GSI key selection strategy in DynamoDB - Time & Space Complexity
When using Global Secondary Indexes (GSIs) in DynamoDB, the way we pick keys affects how fast queries run.
We want to know how the choice of keys changes the work DynamoDB does as data grows.
Analyze the time complexity of querying a GSI with a chosen partition key and sort key.
const params = {
TableName: "Orders",
IndexName: "CustomerDateIndex",
KeyConditionExpression: "CustomerId = :cid AND OrderDate >= :start",
ExpressionAttributeValues: {
":cid": "12345",
":start": "2023-01-01"
}
};
const result = await dynamodb.query(params).promise();
This code queries a GSI named CustomerDateIndex using CustomerId as partition key and OrderDate as sort key.
Look for repeated work done during the query.
- Primary operation: Scanning items with the same partition key in the GSI.
- How many times: Once per matching partition key group; then filtering by sort key range.
As more items share the same partition key, the query checks more items in that group.

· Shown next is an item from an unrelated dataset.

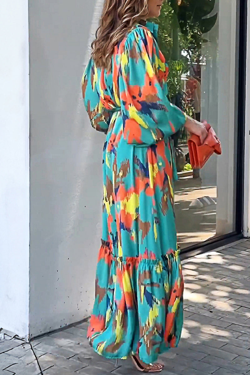 Elegant Geometric Bandage Turndown Collar Dresses
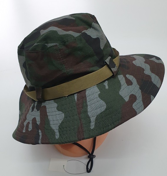 Letný klobúk, zelený, maskáč, univerzálna veľkosť, materiál 100% PES, šnúrka na zatiahnutie pod bradou a po stranách dva nity pre vypnutie. Klobúk vhodný na leto do prírody, turistiku, pre rybárov, hubárov, ale aj na bežné nosenie.

| Input Size (n) | Approx. Operations |
|---|---|
| 10 items with same key | 10 checks |
| 100 items with same key | 100 checks |
| 1000 items with same key | 1000 checks |
Pattern observation: The work grows linearly with the number of items sharing the partition key.
Time Complexity: O(n)
This means the query time grows directly with how many items share the same partition key in the GSI.
[X] Wrong: "Choosing any partition key for the GSI will always give fast queries regardless of data distribution."
[OK] Correct: If many items share the same partition key, the query must check all those items, making it slower as data grows.
Understanding how GSI key choices affect query speed shows you can design databases that stay fast even as data grows.
What if we changed the GSI partition key to a more unique attribute? How would the time complexity change?